Yes, you are correct. We are saying the same thing. It might help to write the expressions. I said:
v = p/|p|

And you said:
p = |p| v

Which are mathematically equivalent.

 

[snoopies622]

So if I understand this correctly...

Suppose there are two balls and a compressed spring between them, each with a rest mass of m_0. The four-momenta are

&lt;m_0 c, 0, 0, 0&gt; \\ &lt;m_0 c, 0, 0, 0&gt; \\ &lt;m_0 c, 0, 0, 0&gt;.

After the spring is released, the balls fly off in opposite directions each with speed v. Since four-momentum is conserved, we now have

&lt;m_0 c \gamma, -m_0 v \gamma, 0, 0&gt; \\ &lt;m_0 c (3-2\gamma), 0, 0, 0&gt; \\ &lt;m_0 c \gamma, m_0 v \gamma, 0, 0&gt; where \gamma = (1-v^2/c^2)^{-1/2}

and the spring now weighs m_0 g (3-2 \gamma) instead of m_0 g.

Is this correct?

 

[Dale]

Yes, a compressed spring has slightly less mass than an uncompressed one.

 

[granpa]

but, but, but... four momentum is four velocity times the rest mass which is constant.

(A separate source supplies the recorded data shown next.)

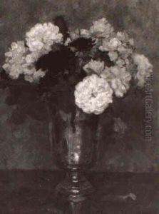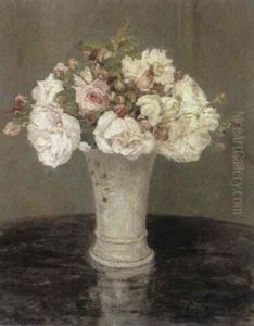 Still Life Of Roses In A Ceramic Vase With A Book And A Fan On A Tabletop
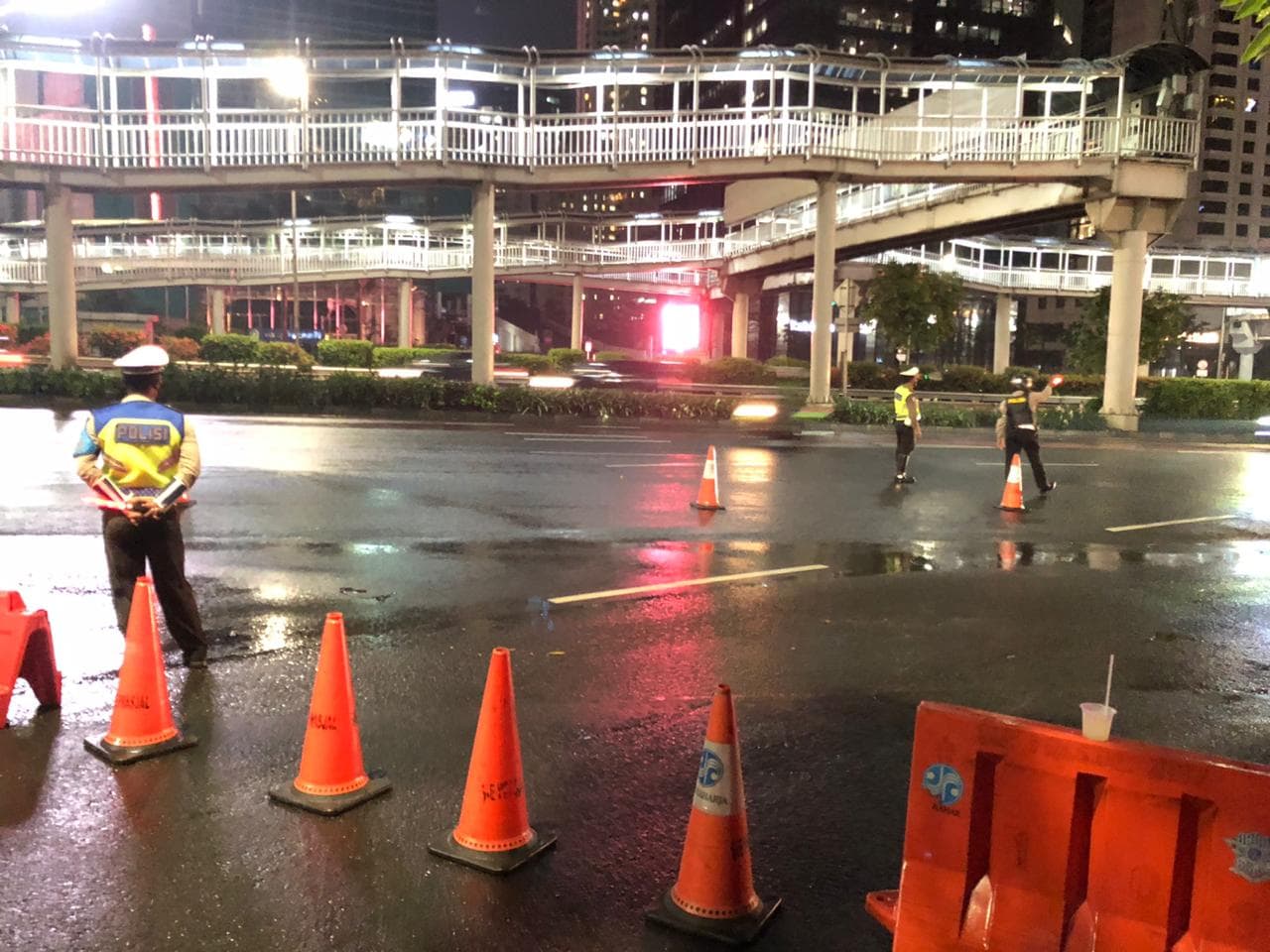 Penutupan ruas jalan sudah dilakukan sejak Pukul 20.00 WIB sampai dengan Pukul 03.00 WIB esok hari. Polisi sudah melakukan penjagaan disetiap sudut menuju ruas jalan tersebut.
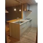 LIXIL「シエラ」をお選びになりました。吊戸棚を撤去しペンダントライトでおしゃれなキッチンに。引き出し式タッチレス水栓で機能性もアップしています。床の色も明るい木目調で空間が明るくなりました。
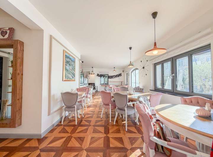 Diese Immobilie ist ein echtes Unikat: Sie vereint modernes Wohnen und hochwertiges Gewerbe unter einem Dach. Auf einem rund 525 m² großen Grundstück befinden sich zwei luxuriöse Maisonette-Penthousewohnungen sowie eine voll ausgestattete Gewerbefläche mit Gastrokonzession im Erdgeschoss.
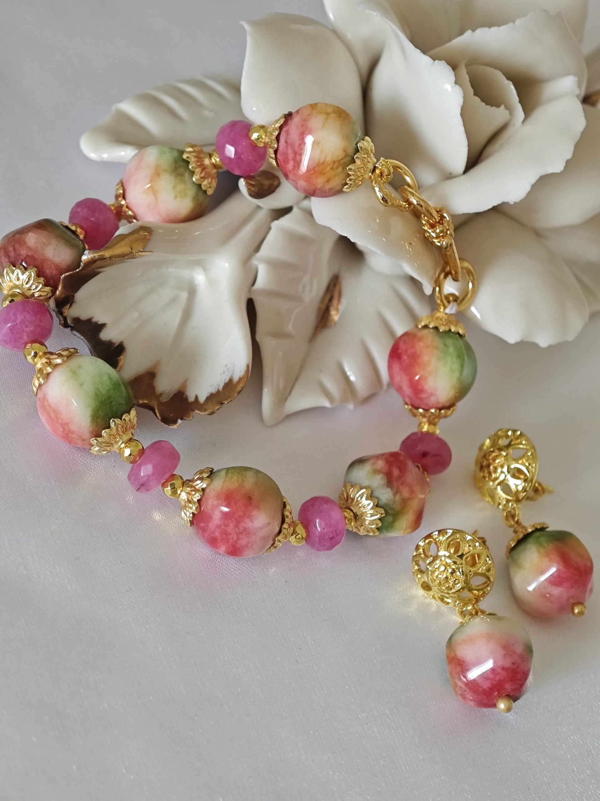 Bracciale con orecchini pietre dure giada , angelite rosa e ottone dorato, set pietre dure giada

Yes, you are correct. We are saying the same thing. It might help to write the expressions. I said:
v = p/|p|

And you said:
p = |p| v

Which are mathematically equivalent.

but you said 'four-velocities are not additive but four-momenta are'.

 

[Dale]

but you said 'four-velocities are not additive but four-momenta are'.

That is correct. The expression x/|x| describes the unit vector in the direction of x. So v = p/|p| means that v is the unit vector in the direction of p. Unit vectors are never additive because the sum of two unit vectors is not in general a unit vector.